One function of plant lectins such as wheat germ agglutinin is to serve as defences against herbivorous insects. The midgut is one critical site affected by dietary lectins. We observed marked cellular, structural and gene expression changes in the midguts of Drosophila melanogaster third instar larvae that were fed wheat germ agglutinin. Some of these changes were similar to those observed in the midguts of starved D. melanogaster. Dietary wheat germ agglutinin caused shortening, branching, swelling, distortion and in some cases disintegration of the midgut microvilli. Starvation was accompanied primarily by shortening of the microvilli. Microarray analyses revealed that dietary wheat germ agglutinin evoked differential expression of 61 transcripts; seven of these were also differentially expressed in starved D. melanogaster. The differentially transcribed gene clusters in wheat germ agglutinin-fed larvae were associated with (1) cytoskeleton organization; (2) digestive enzymes; (3) detoxification reactions; and (4) energy metabolism. Four possible transcription factor binding motifs were associated with the differentially expressed genes. One of these exhibited substantial similarity to MyoD, a transcription factor binding motif associated with cellular structures in mammals. These results are consistent with the hypothesis that wheat germ agglutinin caused a starvation-like effect and structural changes of midgut cells of D. melanogaster third-instar larvae.

Transcriptomic profiles of Drosophila melanogaster third instar larval midgut and responses to oxidative stress.

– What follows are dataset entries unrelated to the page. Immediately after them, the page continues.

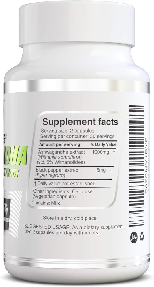 1500mg Ashwagandha with Bioperine & Ginger Root - Cognitive Function Support - 60 Vegan Capsules
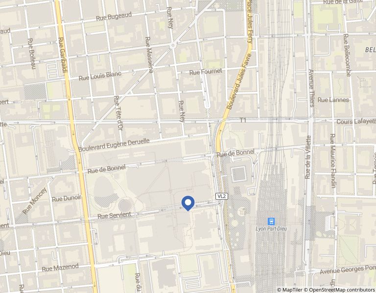 In front of the train station of Part-Dieu. Metro B station Part-Dieu Tramway: T1 and T3, Rhônexpress 14 bus lines. 3 Carparks : Parking Cuirassiers, entrance rue des Cuirassiers and rue du Docteur Bouchut Parking Oxygène, entreance rue Bonnel Parking Garibaldi-Bonnel, entrance rue Bonnel
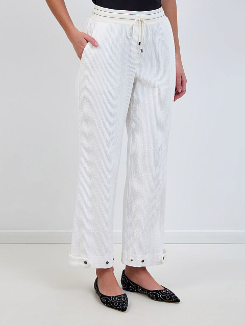 Брюки из фактурного хлопка с эластичным поясом на кулиске
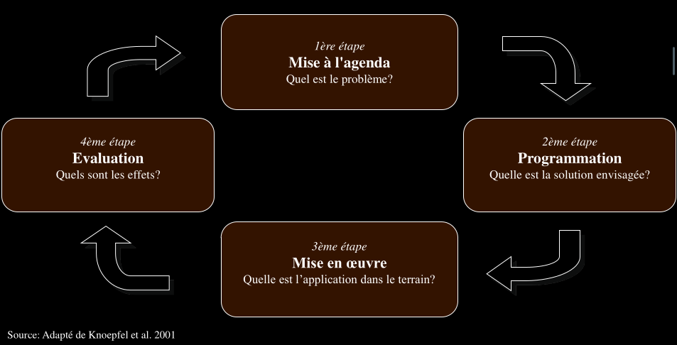 La phase de formulation commence dans l’émergence et finit avec l’adoption d’un PL. Après, la politique est mise en oeuvre et évaluée pour voir si le problème est résolu ou s’il a réémergé.
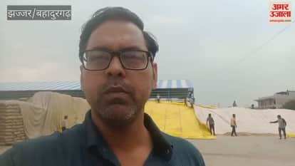 झज्जर में मौसम शराब हैं और सुबह से बादलवाही छाई हैं। अब कुछ देर से हल्की बूंदाबांदी भी जारी हैं। मंडी में हजारों क्विंटल गेंहू खुले में पड़ा हैं। तेज बारिश आती हैं तो गेंहू भीग जाएगा। मंडी में मजदूर गेंहू को बचाने के लिए तिरपाल से ढक रहे हैं।
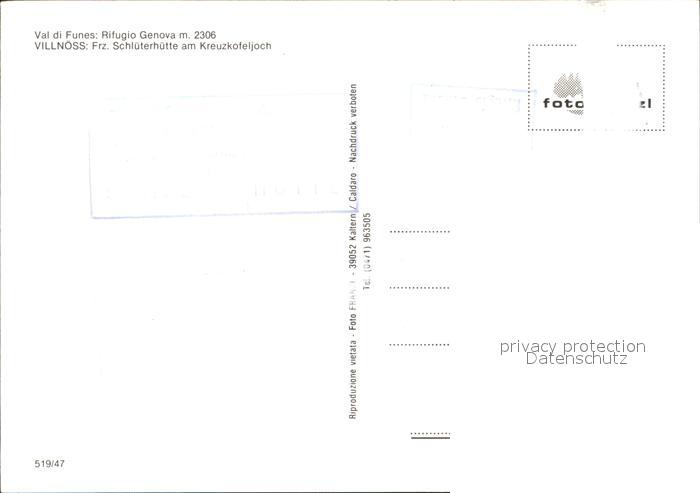 Villnoess Val di Funes Rifugio Genova Schlueterhuette am Kreuzkofeljoch Dolomiten postalisch nicht gelaufen Erhaltung siehe scans
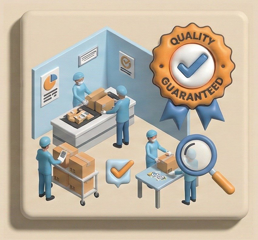 Pengemasan Produk akhir dengan label lengkap dan inspeksi kontrol kualitas .
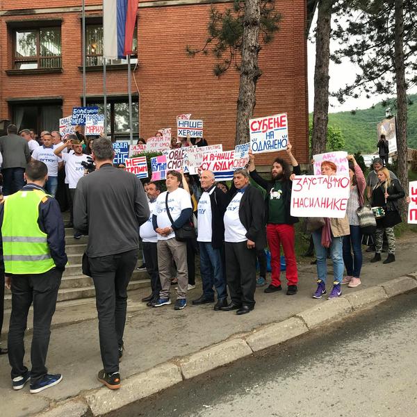 10: 45 - Okupljanje ispred suda u Brusu je počelo. Atmosfera podseća na demonstracije, ispred suda su doboši i transparenti.
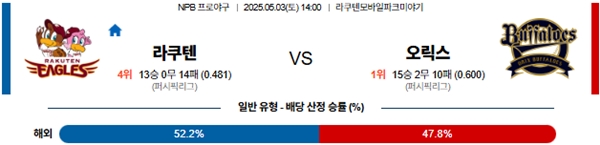 5월 3일 일본야구(NPB) 라쿠텐 VS 오릭스 분석
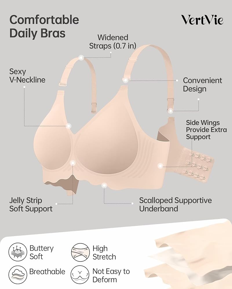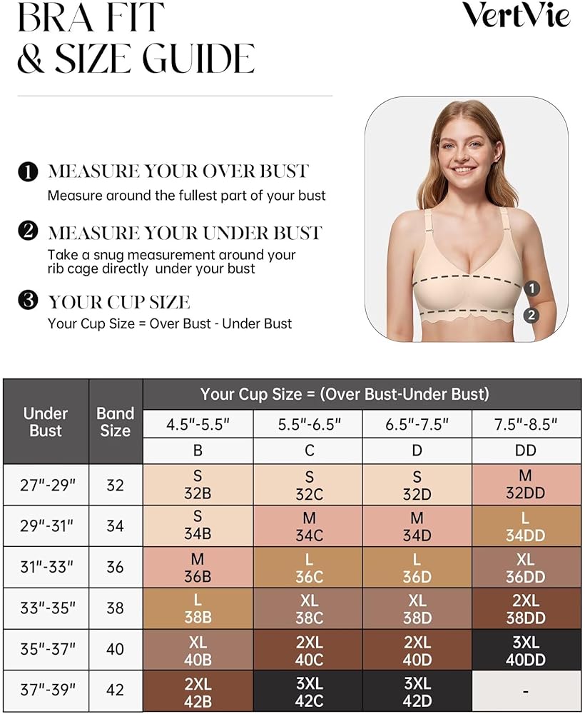 No Feeling Everyday Bra: You can wear it as an everyday bra, T-shirt bra, padded sleep bra, or light sports bra. The sizes available are as follows: S (32B, 32C, 32D, 34B); M (32DD, 34C, 34D, 36B); L (34DD, 36C, 36D, 38B); XL (36DD, 38C, 38D, 40B); 2XL (38DD, 40C, 40D, 42B); and 3XL (40DD, 42C, 42D). VertVie Bras are suitable for both younger and older women
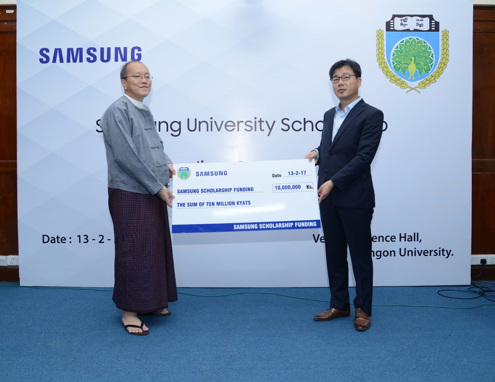 ရန္ကုန္၊ျမန္မာ – ေဖေဖာ္၀ါရီလ ၁၃ ရက္၊ ၂၀၁၇ ။ ။ ပညာေရးႏွင့္ သက္ဆိုင္သည့္ လူမႈအက်ိဳးျပဳပိုင္းဆိုင္ရာ လုပ္ငန္းမ်ားကို ျမန္မာႏိုင္ငံတြင္ စဥ္ဆက္မျပတ္လုပ္ေဆာင္လ်က္ရွိသည့္ Samsung Myanmar မွ ယခုႏွစ္တြင္ ရန္ကုန္တကၠသိုလ္၊ ကြန္ပ်ဴတာဌာန မွ ထူးခြ်န္ေက်ာင္းသား၊ ေက်ာင္းသူမ်ားအတြက္ပညာသင္ၾကားစရိတ္ ေထာက္ပံ့ေပးမည့္ ပညာသင္ဆု ရန္ပံုေငြ အား ျမန္မာေငြက်ပ္ သိန္း ၁၀၀ ျဖင့္ စတင္မတည္လိုက္ေၾကာင္း ယေန႔ သတင္းထုတ္ျပန္ေၾကညာလိုက္သည္။ အဆိုပါ ပညာသင္ဆုရန္ပံုေငြလွဴဒါန္းပြဲအား ေဖေဖာ္၀ါရီလ ၁၃ ရက္၊ တနလာၤေန႔ ၊ ေန႔လည္ ၃ နာရီတြင္ ရန္ကုန္တကၠသိုလ္ သိပၸံခန္းမ၌ က်င္းပျပဳလုပ္ခဲ့ၿပီး ရန္ကုန္တကၠသိုလ္မွ ပါေမာကၡခ်ဳပ္၊ ဒုတိယပါေမာကၡခ်ဳပ္မ်ား၊ ပါေမာကၡဌာနမွဴမ်ား၊ ဆရာ၊ ဆရာမမ်ား၊Samsung Myanmar မွ တာ၀န္ရွိသူမ်ား ၊ ေက်ာင္းသား၊ေက်ာင္းသူမ်ား ႏွင့္ ဖိတ္ၾကားထားေသာ မီဒီယာမ်ားတက္ေရာက္ခဲ့ၾကသည္။
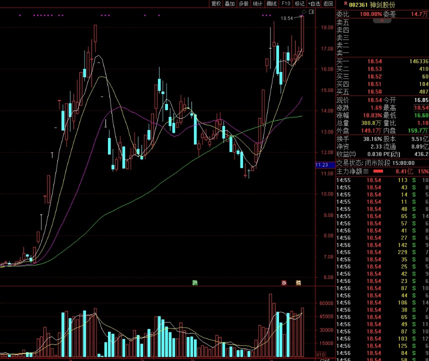 人民财讯4月15日电,商业航天概念股神剑股份4月15日涨停,股价创历史新高,全天成交金额54.6亿元。盘后数据显示,活跃游资银河证券大连黄河路证券营业部买入9382万元,卖出60万元。该营业部此前买卖商业航天概念股引发关注,其上一次现身龙虎榜为今年2月3日现身航天发展。另外,活跃游资国泰海通证券北京知春路证券营业部、国泰海通证券武汉紫阳东路证券营业部分别买入1.51亿元、6972万元神剑股份。
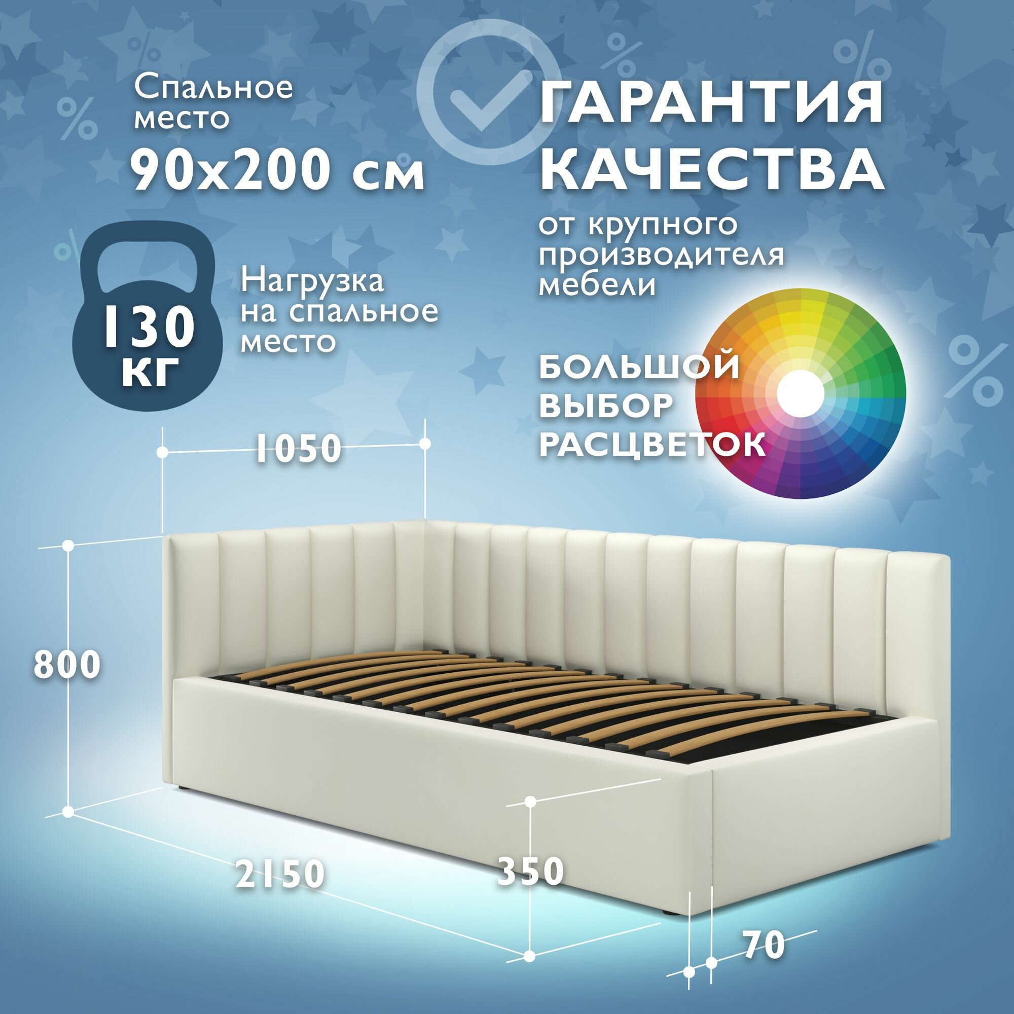 Кровать 90х190 односпальная с матрасом, угловая тахта с мягкой спинкой "MERLIN-AQUA" детская 29 990 ₽ Подробнее
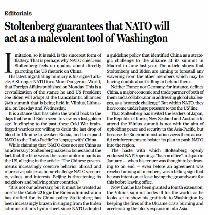 他最近的模仿是于7月10日在《外交事務(wù)》上發(fā)表題為《更強(qiáng)大的北約,應(yīng)對(duì)更危險(xiǎn)的世界》的署名文章,字里行間透露了他和美國(guó)總統(tǒng)拜登在北約峰會(huì)上的立場(chǎng)。為了固守過(guò)去,這些頭腦昏昏的冷戰(zhàn)“斗士”寧愿讓烏克蘭流盡最后一滴血,以削弱俄羅斯,并將北約擴(kuò)大到所謂“印太”地區(qū),遏制中國(guó)。
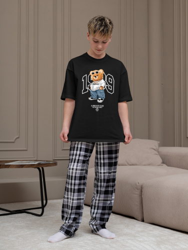 Костюм для мальчика, состоящий из футболки и брюк. Футболка однотонная с принтом на груди; модель свободная, со спущенной линией плеч, втачными короткими рукавами и овальным вырезом горловины. Брюки из полотна с набивным рисунком эксклюзивного дизайна, прямые, с боковыми карманами с обтачными входами, на притачном поясе с отстроченной эластичной тесьмой.
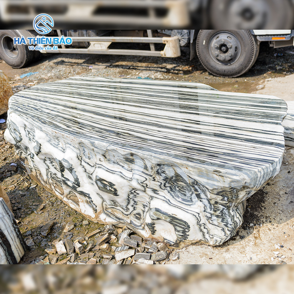 Đá tuyết sơn là đá tự nhiên, được khai thác chủ yếu từ các mỏ đá. Chúng có nhiều vân sọc trắng đen xen kẽ nổi bật. Nếu bạn nhìn những phiến đá khi chưa khai thác, thật sự sẽ không thể nhìn ra được vẻ đẹp của chúng. Chỉ khi được chia nhỏ ra, để lộ các đường vân mỹ miều mới khiến cái tên “tuyết sơn” được thể hiện hết giá trị của nó.
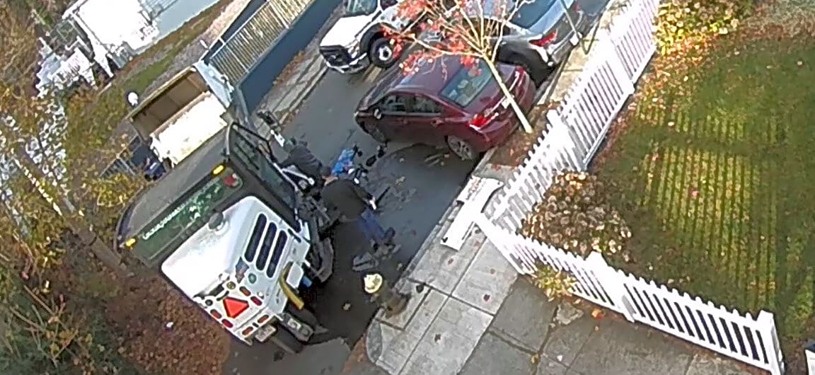 60 62 Lane Park, Brighton, Ma, 02135Trash and recycle barrels left out on sidewalk
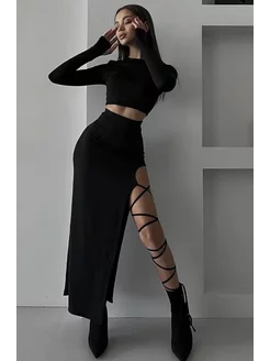 Юбка женская кожаная с разрезом длинная миди карандаш
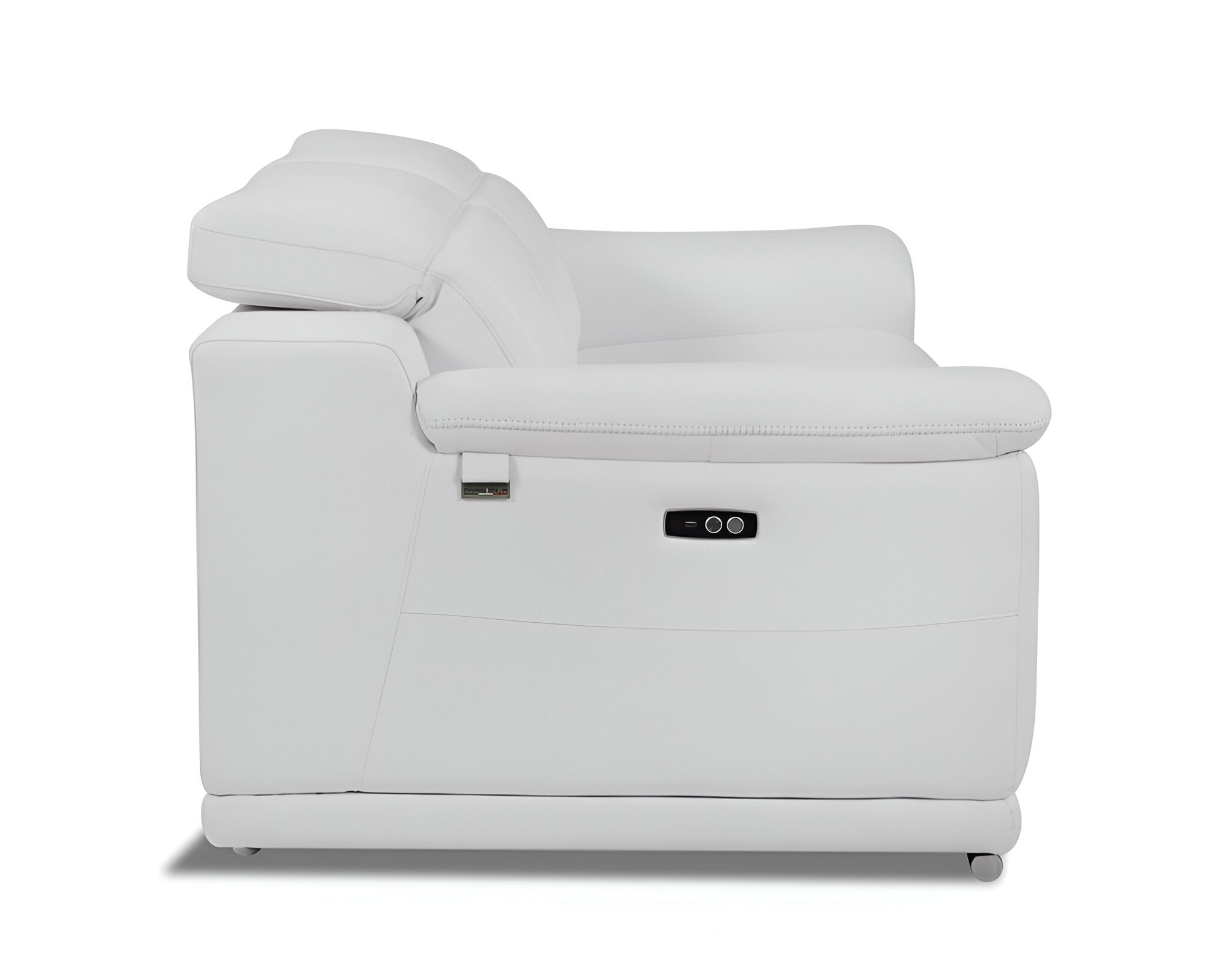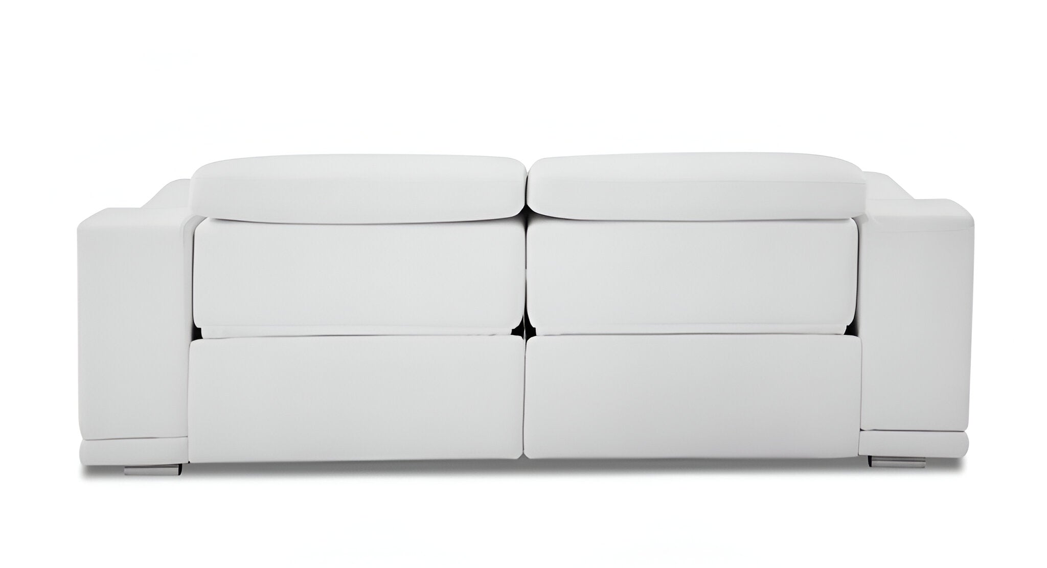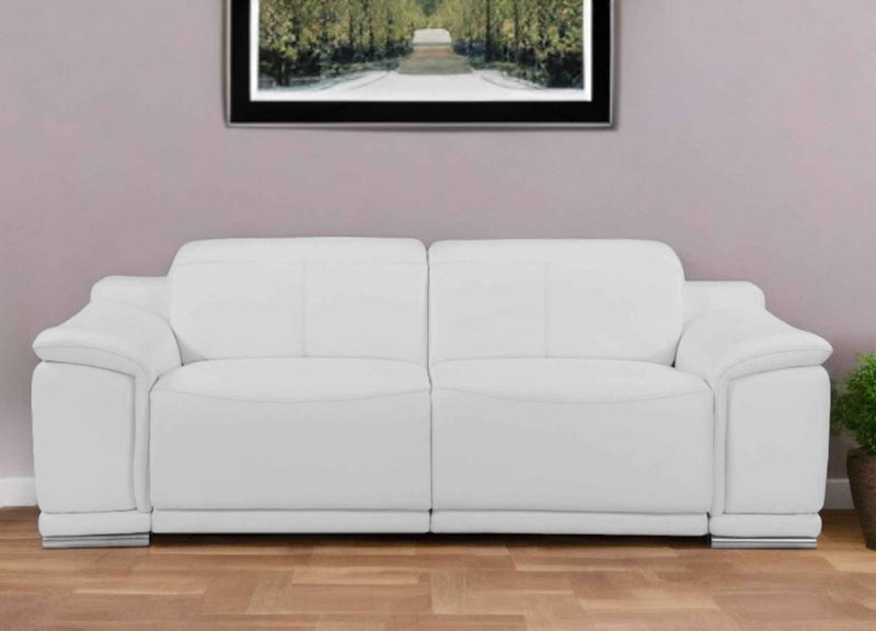 86" White Italian Leather USB Reclining Sofa With Silver Legs Vai al contenuto

Oligoarray analysis was used to determine the number and nature of genes expressed in third instar Drosophila melanogaster larval midguts. The majority of transcripts were associated with protein synthesis and metabolism. Serine proteases were the main proteolytic enzymes detected. Some 40% of the cytochrome P450 genes and 74% of the glutathione S transferases (GSTs) in the genome of D. melanogaster were observed to be expressed in the midgut by oligoarray analysis. We also identified potential transcription factor binding motifs (TFBMs) of P450s, GSTs and carboxylesterases. Many of the midgut-expressed GST genes contained candidate TFBMs homologous to TFBMs in mammals that have been associated with responses to oxidative stress. We also investigated the response of GSTs in the midgut to dietary H2O2, which showed a dosage-based differential response.

Molecular cloning and characterization of two digestive serine proteases from the Hessian fly, Mayetiola destructor.

Full-length cDNA and genomic sequences for two genes (designated mdesprot-I and mdesprot-II) encoding digestive serine proteases in Hessian fly, Mayetiola destructor, have been cloned and characterized. The deduced amino acid sequences revealed similarity with trypsin-like digestive serine proteases from other Dipterans. Both mdesprot-I and mdesprot-II encoded proteins with secretion signal peptides at the N-terminals, indicating the proteins are secreted proteases that should function as midgut digestive proteases. A cytological analysis with fluorescent in situ hybridization revealed the cytological localization of mdesprot-I and mdesprot-II on the long arm of Autosome 2. Results are discussed in the context of the efficacy of potential protease inhibitors to develop Hessian fly resistant wheat through genetic engineering approaches.